One limitation of the Democratic case against socialism is that no major Presidential candidate seems excited about defending the current iteration of American capitalism. So what is advertised as a first-principles debate between two competing ways of organizing society often becomes, when the question turns to policy, a much more minor set of disagreements over degrees of reform. I asked Hickenlooper whether it was excessive for Democrats to refuse corporate PAC funding, but it turned out he’d made such a pledge himself. Trying to find the point of tension, I asked Hickenlooper whether his critique of socialism included Elizabeth Warren’s program. He said that he liked and admired Warren “but she’s never been in business. She really doesn’t care or trust business.” But it sounded like Hickenlooper didn’t really trust business, either. “Capitalism as it’s practiced in America has evolved in a way that’s not healthy,” he said. But, if that was the case, then did the arguments over socialism just come down to the question of whether Medicare for All was the best way to achieve universal health-care coverage? Because that sounded like a tactical question as much as an ideological one.

Listening to Hickenlooper, it seemed to me that there was something else that bothered him about the socialist idea that he was not quite putting into words. He seemed drawn to projects in which people could take action on their own behalf, that existed at the human scale: the bottom-up economic plan, designed around what nurses and small-business owners wanted for their town. A brewpub that could revive a neighborhood; an ambitious light-rail project that helped connect Denver to its suburbs, which he had accomplished through diligent personal lobbying of suburban politicians; an apprenticeship program built through coöperation with Colorado’s business leaders, so that teen-agers who were not headed directly for college would graduate with “skills and a sense of direction.” What seemed to spook him about socialism was an implied passivity. “That rut of thinking that government’s going to solve all our problems,” he said. “I think, as long as we’re demonizing business, as long as we’re saying we have all the answers—the rest of you just wait while we provide you all the answers—I think we’re going to have problems.”
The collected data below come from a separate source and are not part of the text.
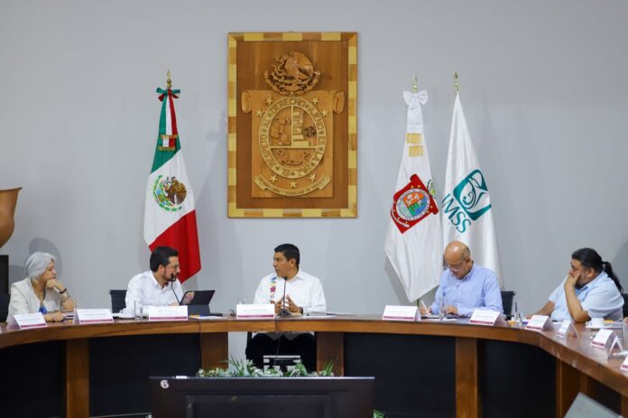El Gobernador Salomón Jara Cruz y el director general del Instituto Mexicano del Seguro Social (IMSS) Zoé Robledo encabezaron una reunión de trabajo en la que participaron autoridades del sector salud federal y estatal para fortalecer los avances en la centralización de los servicios sanitarios en la entidad al Órgano Público Descentralizado (OPD) IMSS-Bienestar.
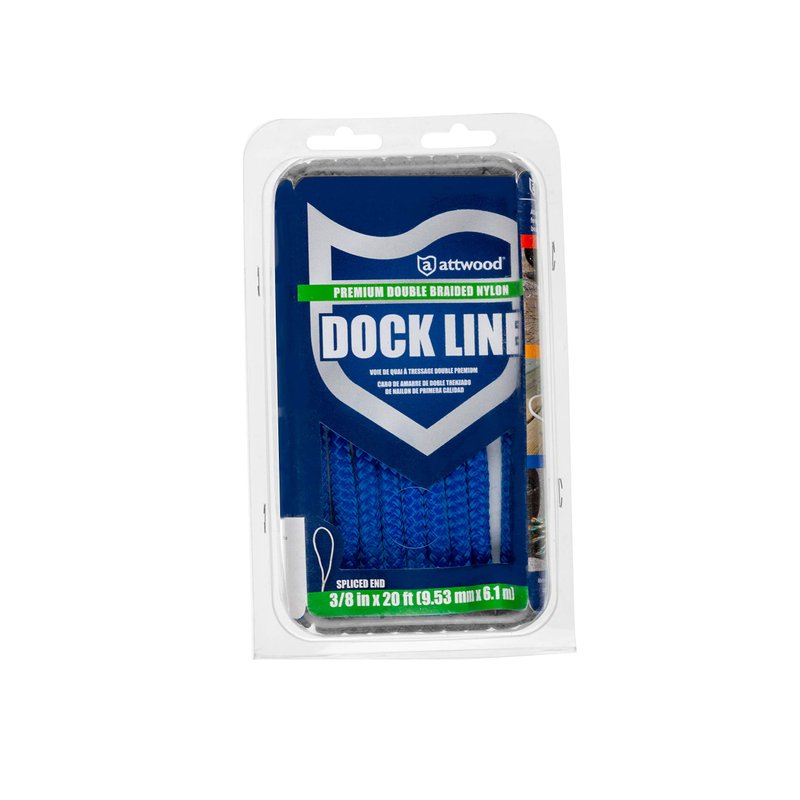 Attwood 117607-7 Premium Double Braided Nylon Dock Line, 3/8-Inch Thick, 20 Feet Long, Pre-Spliced One End, Blue
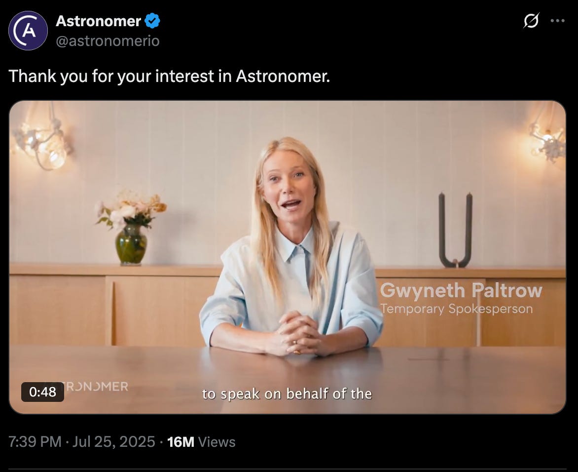 #👏🏼 Astronomer - what a move to capitalize well, you know, on the recognition they never wanted - hiring Coldplay’s ex-wife to speak even better
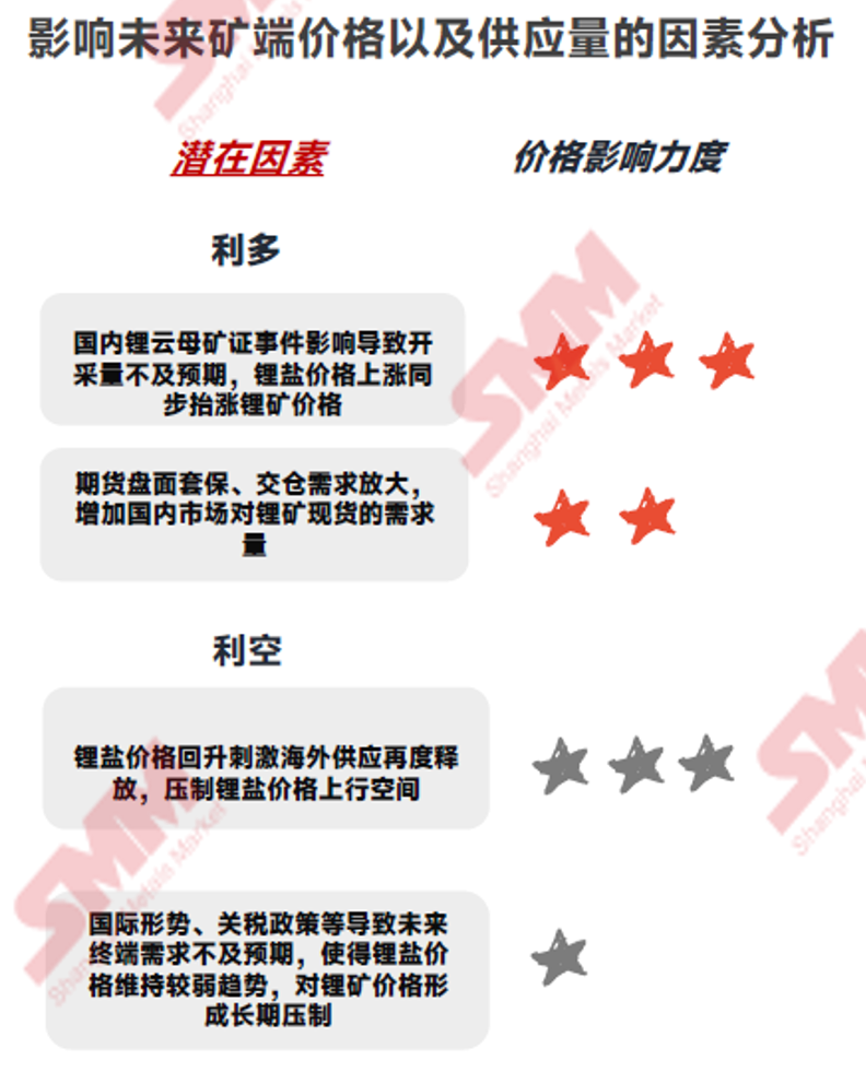 SMM预计,2025年,中国锂云母有望提供约17万吨LCE的供应,由于成本不具备优势,只有少许有技术优势的锂盐厂及矿山持续供量和扩产,预计2030年中国锂云母供应量或将达到23万吨LCE上下。
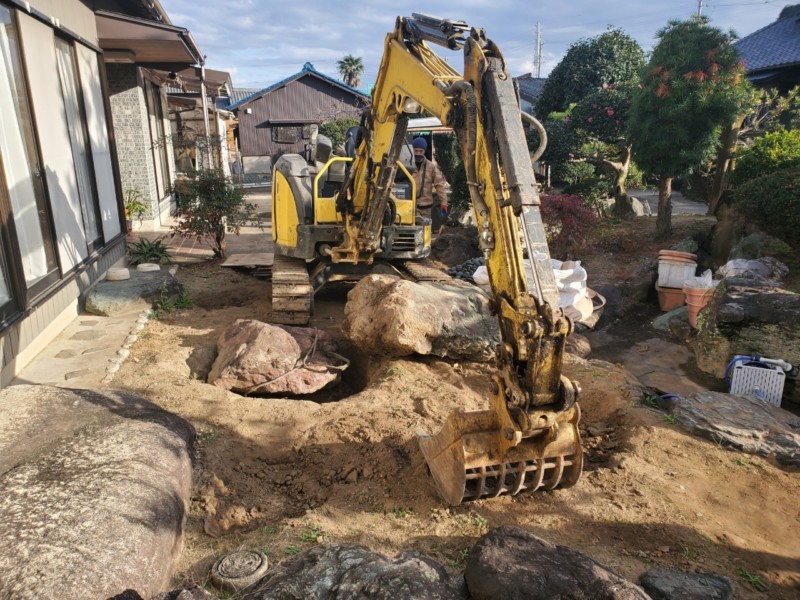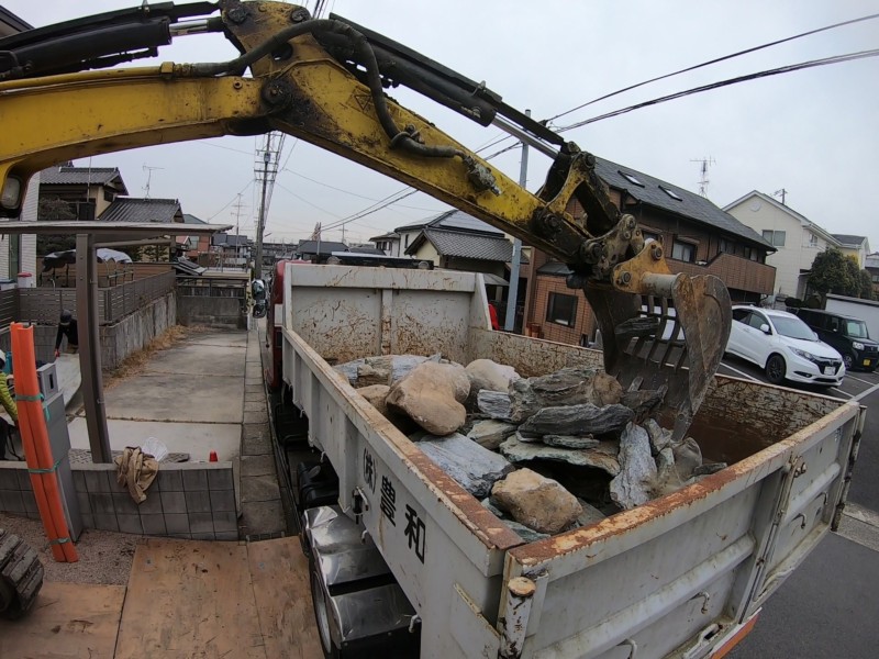 重機をつかって庭石を撤去処分する費用事例集

There is an unsettling bigness to Presidential politics right now. The mass identities of nationalism and socialism can sometimes leave little place for the individual. I found that the most moving moments at Bernie Sanders’s 2016 rallies came when he invited members of the crowd to call out their student-debt totals, and anonymous voices would yell debilitating sums from the darkness. And yet it was also a little strange to hear the great creative body of the educated American middle class, so long described by Republicans and Democrats as the source of immense strength, rendered as victims. “So much of this is about optimism,” Hickenlooper said. “One of the real challenges that the country is going to have to come together around is getting back to where we look forward to tomorrow.” That sounded deeply felt, and it was hard to dispute. But whatever social pessimism exists in America set in during a period of rapacious capitalism. I couldn’t really see what socialism had to do with the problem.

Hickenlooper had to get to Connecticut for a fund-raiser, and, as we walked out, it turned out we were headed in the same direction, for half a block. I mentioned a cousin of my father’s, Jay Fetcher, who raises beef cattle on a ranch north of Steamboat Springs and once ran a losing campaign for the Colorado State Senate as a Democrat. “I know Jay Fetcher!” Hickenlooper cried. “He’s awesome!” He remembered Jay’s father, John, too, a real Routt County legend, a rancher and engineer who had helped develop the Steamboat Springs resort and was a figure in the Yampa Valley water wars. At the corner of Fifty-second Street and Madison, we parted ways. Halfway across the street, disappearing into a crowd of thousands, the governor turned back, his face stretched into a happy grin. For a moment, he’d found the human scale. He called out to me, “Small world!”